Research led by Dr. Michael Rudnicki (lab members pictured above) reveals when Duchenne muscular dystrophy starts and supports a possible new treatment approach.Duchenne muscular dystrophy (DMD), a rare inherited disorder, usually begins with mild muscle weakness between the ages of three and five, progressing to more severe problems and eventually death around age 30.

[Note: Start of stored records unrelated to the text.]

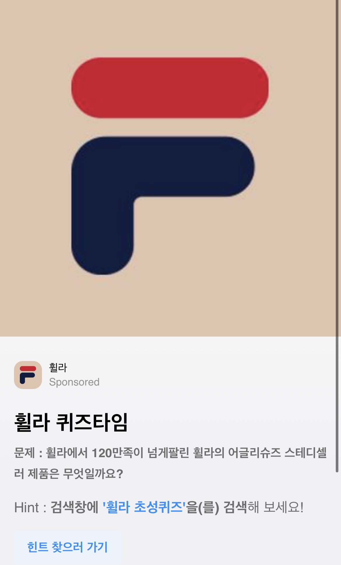 Hint : 검색창에 '휠라 초성퀴즈'을(를) 검색해 보세요!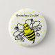 Un gran botón para reconocer a las madres de la madre y del padre. Ofrece una abeja del dibujo animado con encendido un fondo blanco y amarillo del lunar. ¡Sobre el bebé manosee la abeja que dice Abuela-A-Es! ¡Deje a esas abuelas orgullosas destacarse también!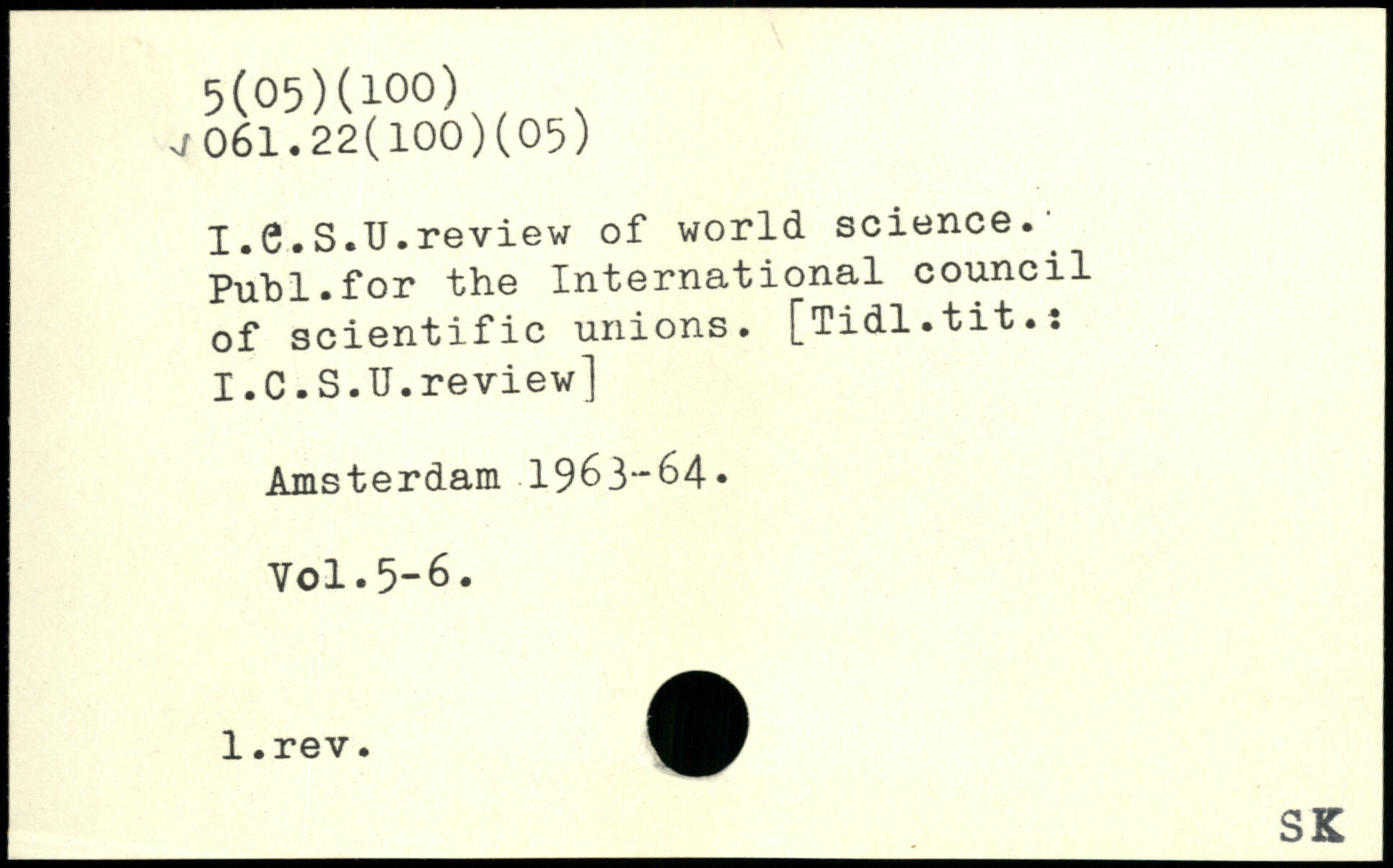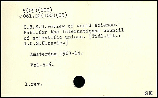 I.0.S.U.review of world science. Publ.for the International council of scientific unions. [Tidl.tit.s I.C.S.U.review] Amsterdam 1963--64.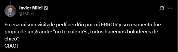 La intervención provocó una respuesta del Presidente con un dato revelador. “En la misma visita le pedí perdón por mi ERROR (sic) y su respuesta fue propia de un grande”, recordó Milei.
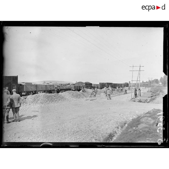 Bazoches (Aisne). Dépôt de matériel du génie à la gare ; déchargement d'un train de cailloux.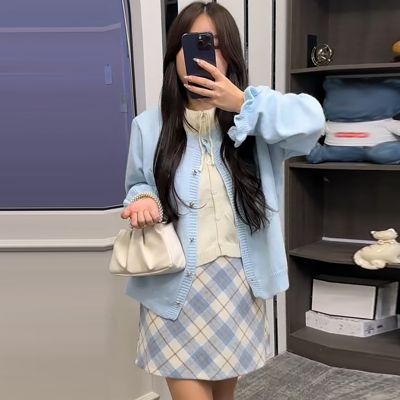 韩系假两件针织衫上衣格呢半身裙胖mm2025秋季款显瘦宽松大码女装

New research from Dr. Michael Rudnicki’s team at The Ottawa Hospital and the University of Ottawa shows that at the cellular level, signs of the disease appear much earlier – even before birth. Published in Nature Communications, this research also supports the potential of a novel drug candidate developed by Dr. Rudnicki and Satellos BioScience to correct the problem. This drug candidate, called SAT-3247, targets the AAK1 protein and is currently being tested in human clinical trials.
“These findings make it abundantly clear that Duchenne begins as a failure of muscle stem cells to build and maintain muscle - without any evidence of myofiber fragility or damage”, said Dr. Rudnicki, senior scientist at the Ottawa Hospital Research Institute (OHRI), professor at the University of Ottawa and founder and Chief Discovery Officer at Satellos. “By modulating AAK1, we have demonstrated a powerful means to normalize stem cell function and enhance muscle formation in dystrophic models, pointing to a compelling path toward regenerative treatment strategies.”
Authors: Esper ME, Lin AYT, Bennett D, Rudnicki MA.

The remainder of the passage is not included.